• What is expected:
Reproduce the listing exactly. Omit pictures.

• Extracted records:

Segment Open

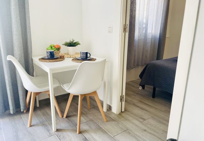 Este apartamento está completamente equipado para o teu conforto. Conta com uma acolhedora sala com cozinha americana, um quarto com uma cama de casal confortável, uma casa de banho com base de chuveiro e uma sala com sofá-cama. Aqui encontrarás tudo o que precisas para uma estadia agradável.
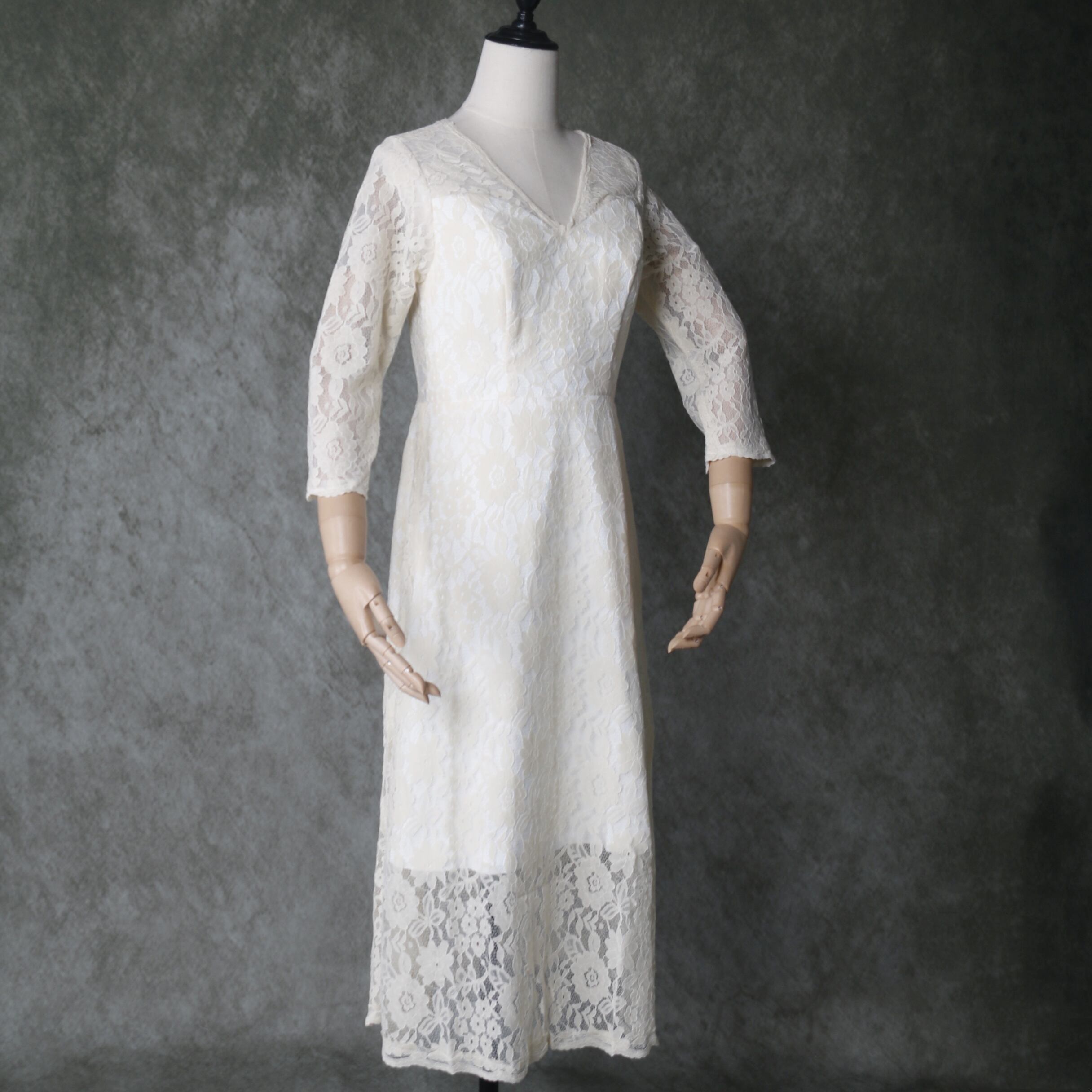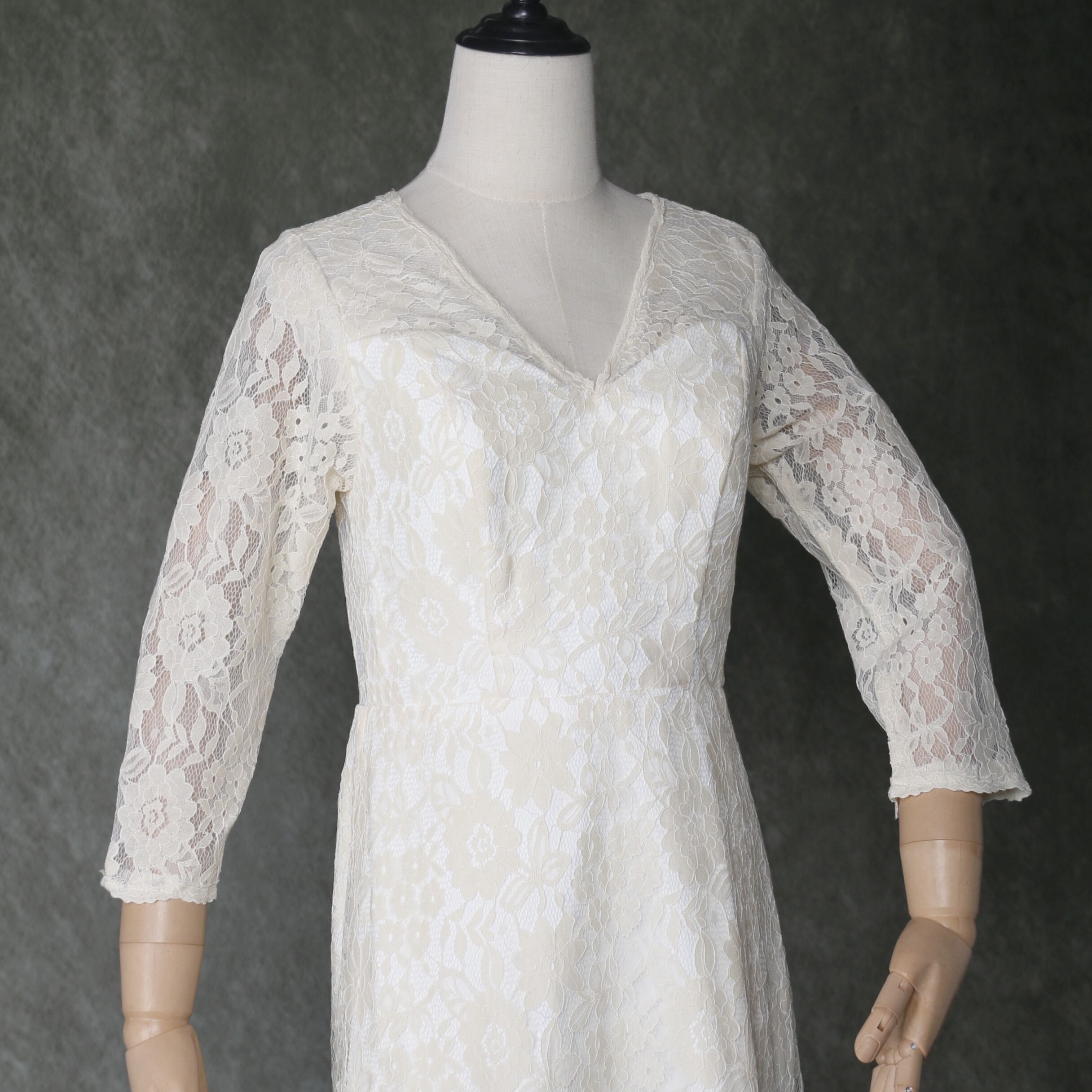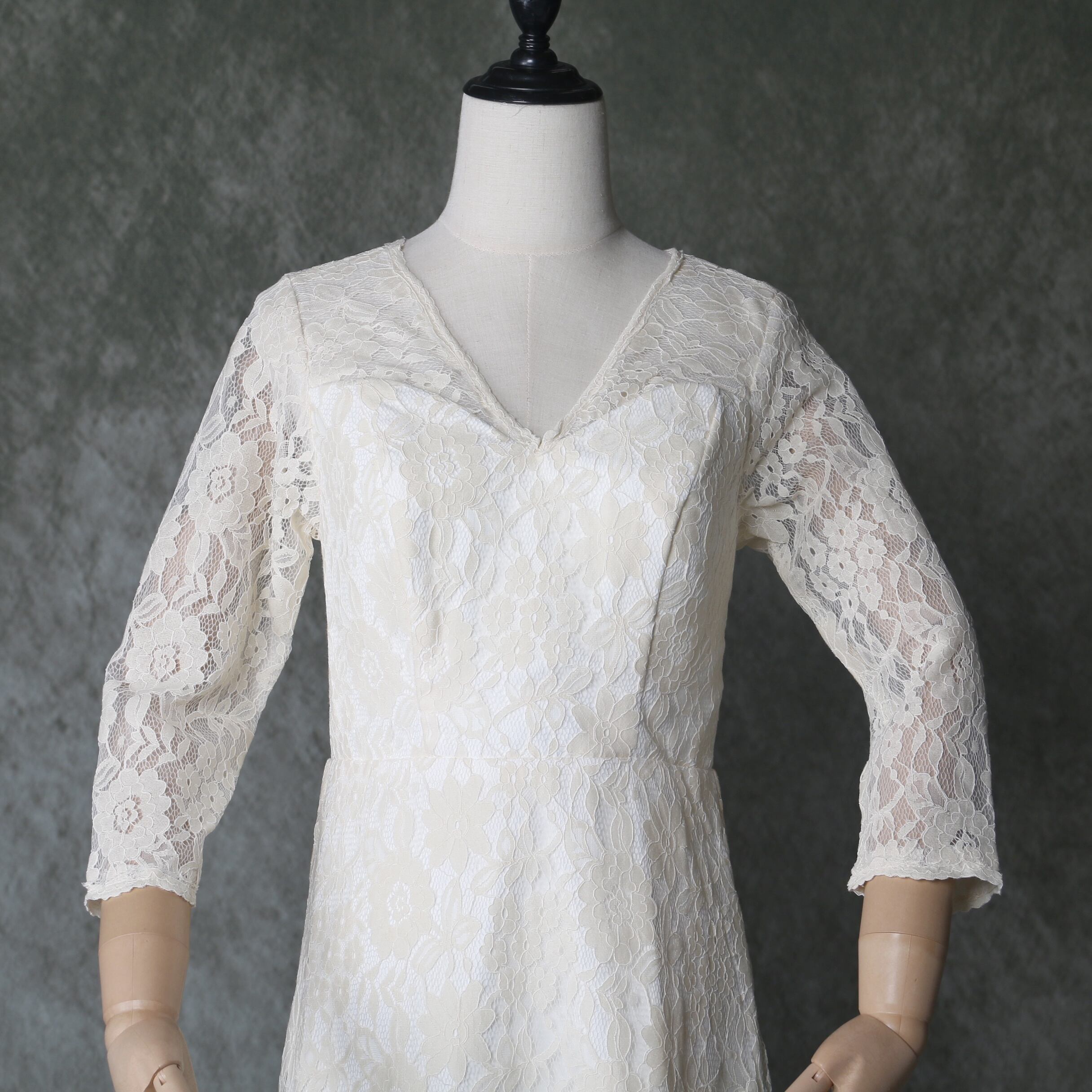送料無料! 憧れのドレス 上品レース Vネック ウェディングドレス ワンピース 結婚式 花嫁
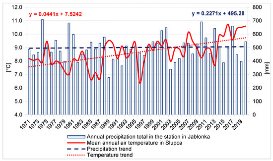 Climatograph illustrating changes in mean annual temperature and precipitation amount in the study area in the period 1971–2020 (based on the data of Institute of Meteorology and Water Management—National Research Institute—IMGW-PIB).
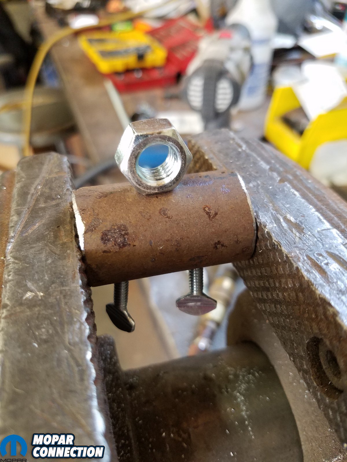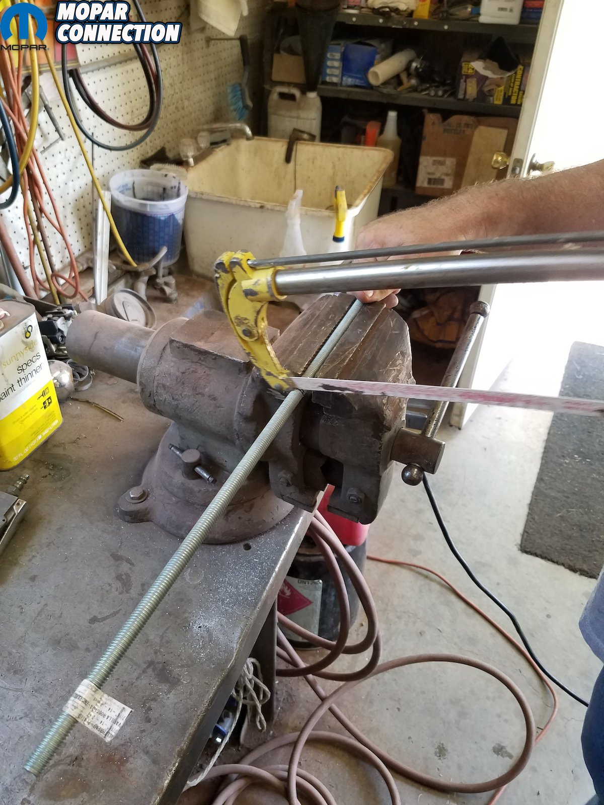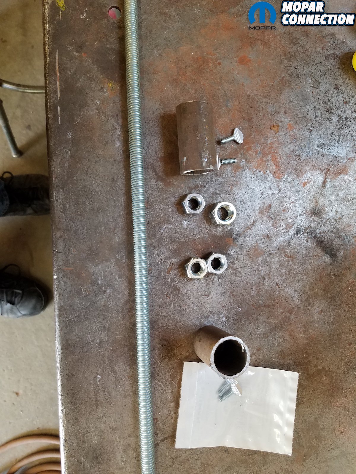Top: Next, Dave welded one of the 7/16-inch nuts to the tubing perpendicularly (180-degrees). Bottom: Then we cut threaded rod in half into two 1-foot pieces. Then slide on the piece of conduit.
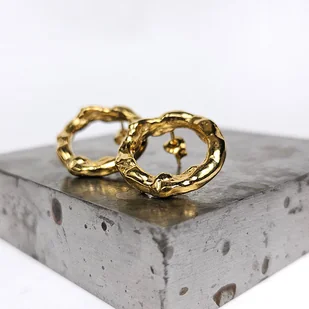Kolczyki koła o nieregularnym kształcie, bardzo stylowe i niebanalne. Kolczyki są na sztyfcie z zatyczkami typu baranki. Wykończenie na błysk. Wykonałam je w całości ręcznie ze srebra próby 925, pozłociła ...
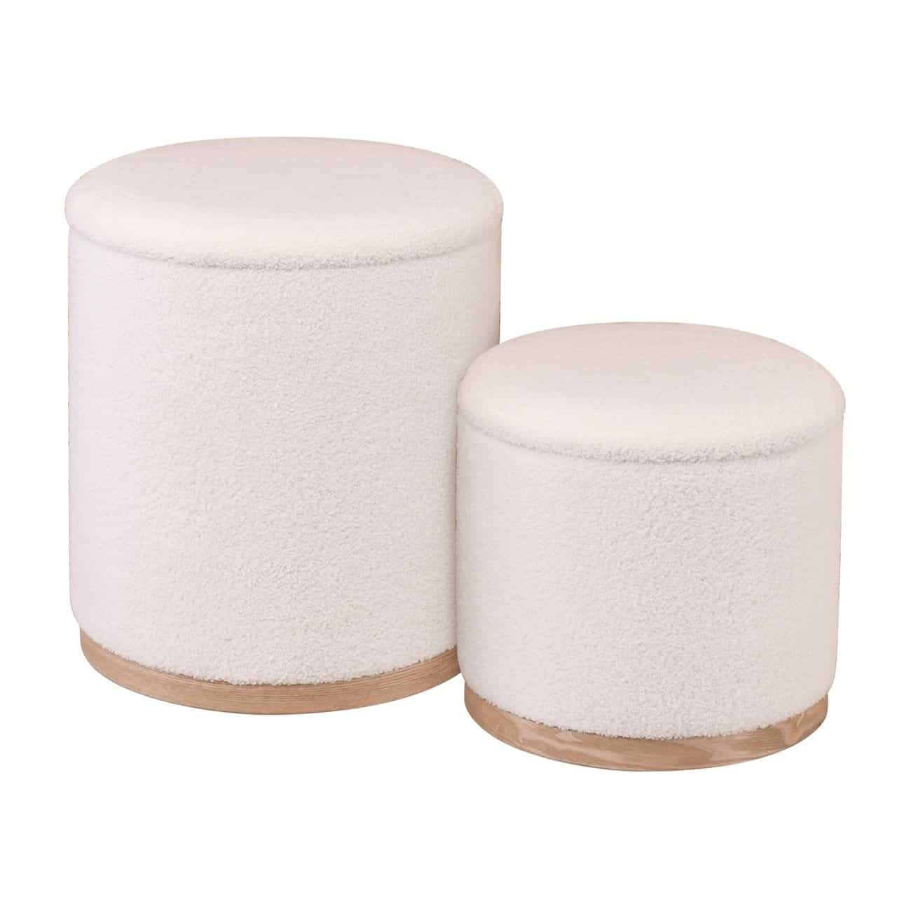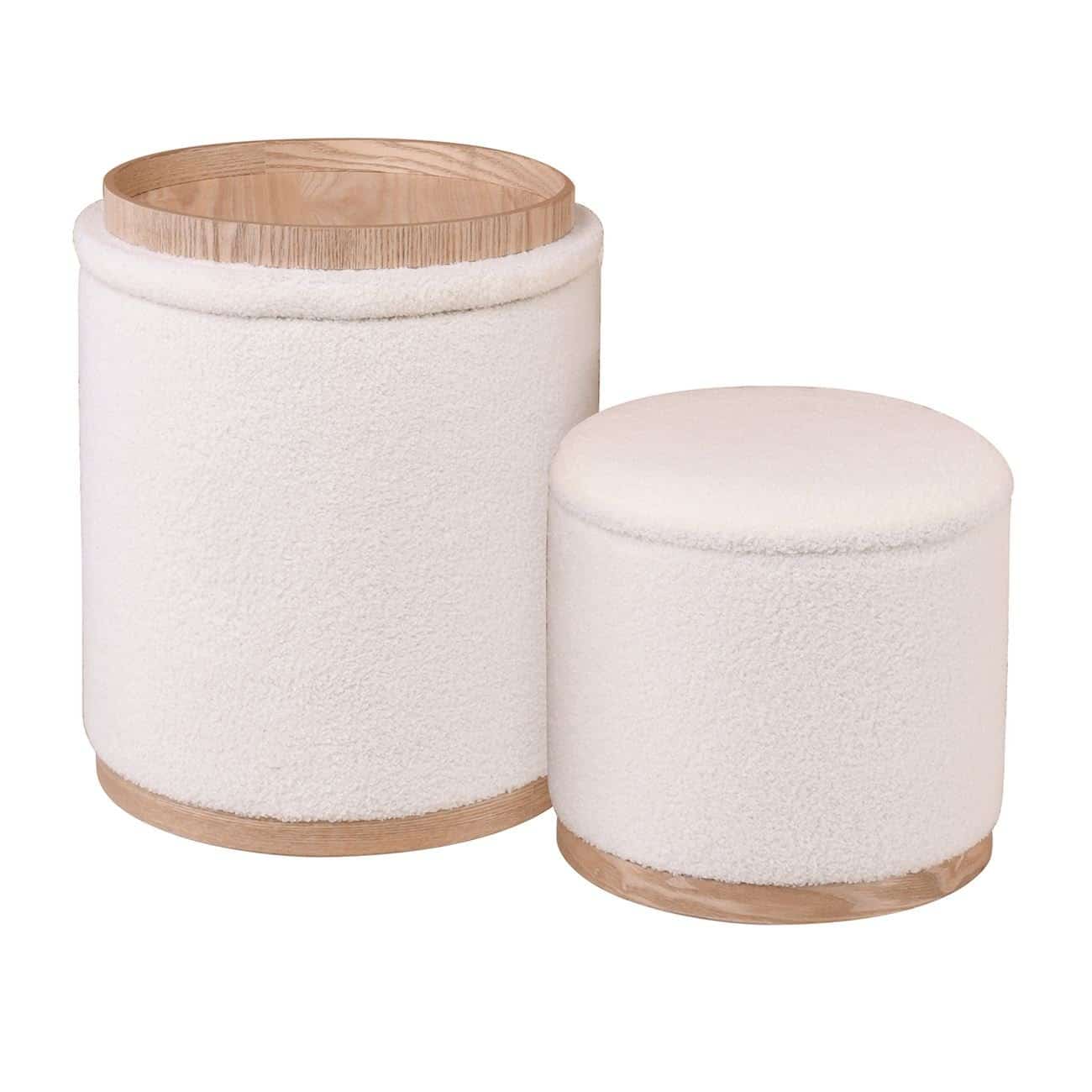 MATIC Set-2 Σκαμπό-Τραπεζάκι με Αποθηκευτικό Χώρο, Teddy Ύφασμα Εκρού Φ38cm H.45cm + Φ34cm H.32cm
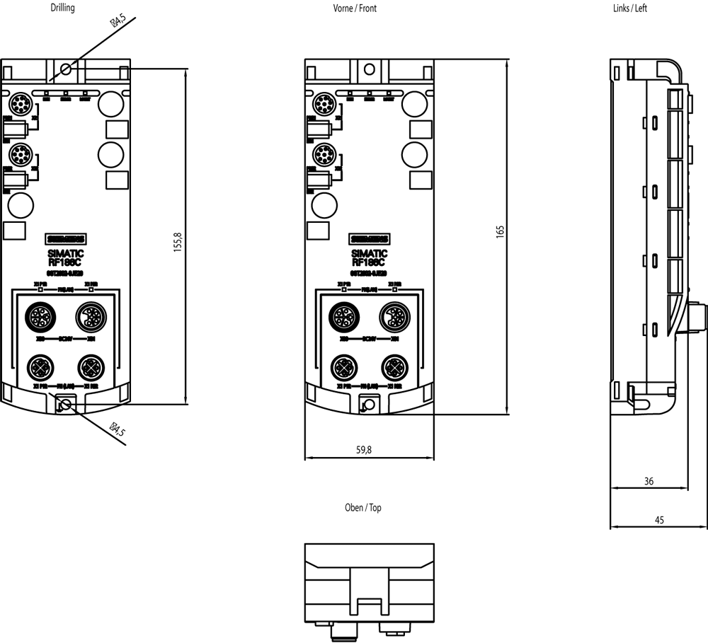 RFID Communication Module RF186C per PROFINET, Ethernet, EtherNet/IP, OPC/UA, 2 reader collegabili SIMATIC RFSistemi di identificazioneModulo di comunicazione RF186C
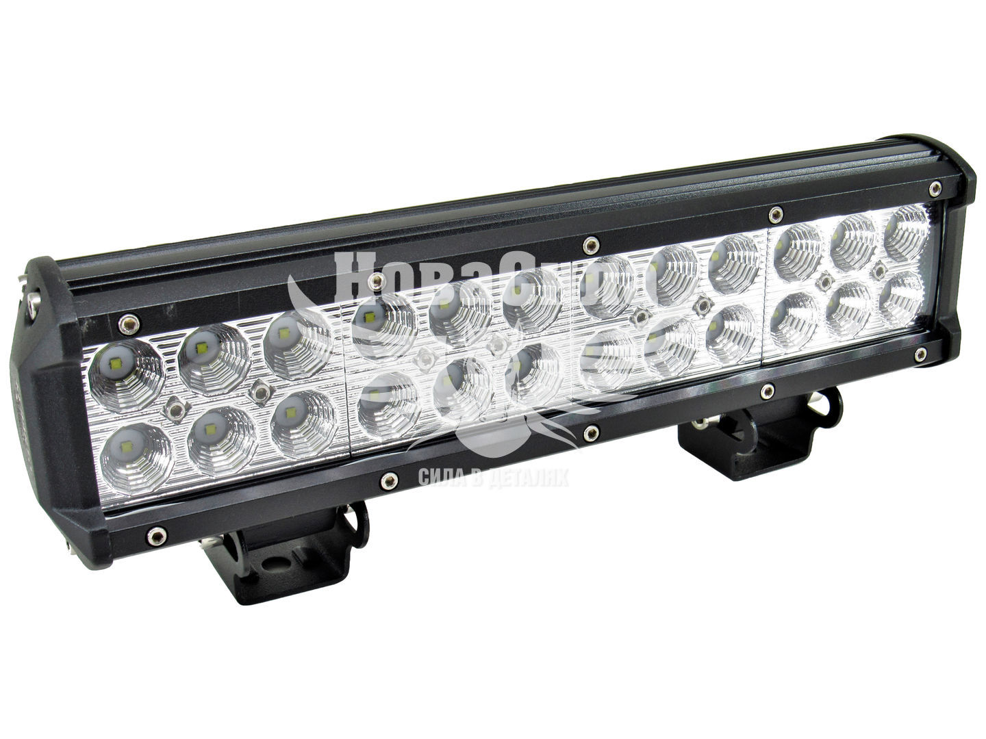 У даній моделі 24 діодів, компанії GREE, яка є лідером у виробництві напівпровідникових світлодіодів. Вони розміщені в дві лінії. Потужність одного діода 3Вт, що в сумі дає потужність фари 72Вт, а світловий потік 6000Лм. Металевий відбивач рифлений, за допомогою якого промінь стає розсіяним, збільшуючи освітлювану область. Колір світла яскравий білий з холодним відтінком, температура світіння 6000К. Скло фар прозоре, гладке.
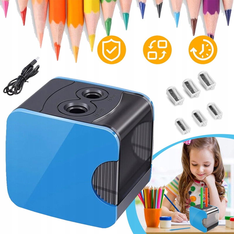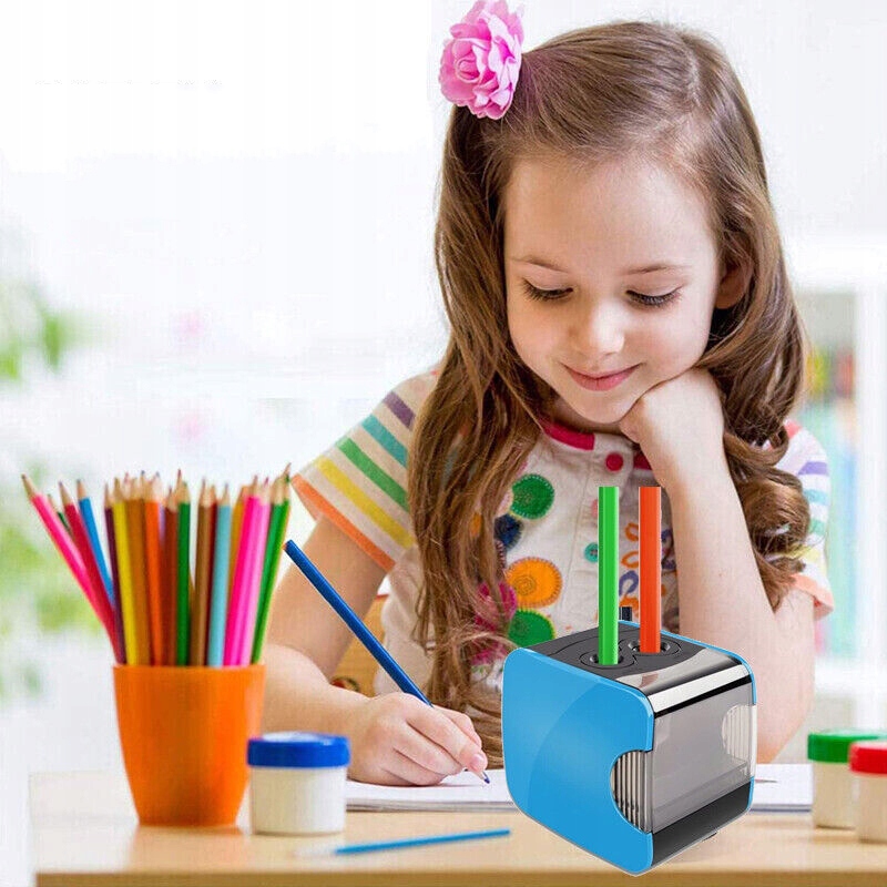 ЭЛЕКТРИЧЕСКАЯ ТОЧИЛКА ДЛЯ КАРАНДАШЕЙ, ДВА ОТВЕРСТИЯ, 6 СТАЛЬНЫХ ЛЕЗВИЙ

Segment Closed

• Answer below:
 Este apartamento está completamente equipado para o teu conforto. Conta com uma acolhedora sala com cozinha americana, um quarto com uma cama de casal confortável, uma casa de banho com base de chuveiro e uma sala com sofá-cama. Aqui encontrarás tudo o que precisas para uma estadia agradável.
送料無料! 憧れのドレス 上品レース Vネック ウェディングドレス ワンピース 結婚式 花嫁
 Climatograph illustrating changes in mean annual temperature and precipitation amount in the study area in the period 1971–2020 (based on the data of Institute of Meteorology and Water Management—National Research Institute—IMGW-PIB).
Top: Next, Dave welded one of the 7/16-inch nuts to the tubing perpendicularly (180-degrees). Bottom: Then we cut threaded rod in half into two 1-foot pieces. Then slide on the piece of conduit.
Kolczyki koła o nieregularnym kształcie, bardzo stylowe i niebanalne. Kolczyki są na sztyfcie z zatyczkami typu baranki. Wykończenie na błysk. Wykonałam je w całości ręcznie ze srebra próby 925, pozłociła ...
 MATIC Set-2 Σκαμπό-Τραπεζάκι με Αποθηκευτικό Χώρο, Teddy Ύφασμα Εκρού Φ38cm H.45cm + Φ34cm H.32cm
 RFID Communication Module RF186C per PROFINET, Ethernet, EtherNet/IP, OPC/UA, 2 reader collegabili SIMATIC RFSistemi di identificazioneModulo di comunicazione RF186C
 У даній моделі 24 діодів, компанії GREE, яка є лідером у виробництві напівпровідникових світлодіодів. Вони розміщені в дві лінії. Потужність одного діода 3Вт, що в сумі дає потужність фари 72Вт, а світловий потік 6000Лм. Металевий відбивач рифлений, за допомогою якого промінь стає розсіяним, збільшуючи освітлювану область. Колір світла яскравий білий з холодним відтінком, температура світіння 6000К. Скло фар прозоре, гладке.
 ЭЛЕКТРИЧЕСКАЯ ТОЧИЛКА ДЛЯ КАРАНДАШЕЙ, ДВА ОТВЕРСТИЯ, 6 СТАЛЬНЫХ ЛЕЗВИЙ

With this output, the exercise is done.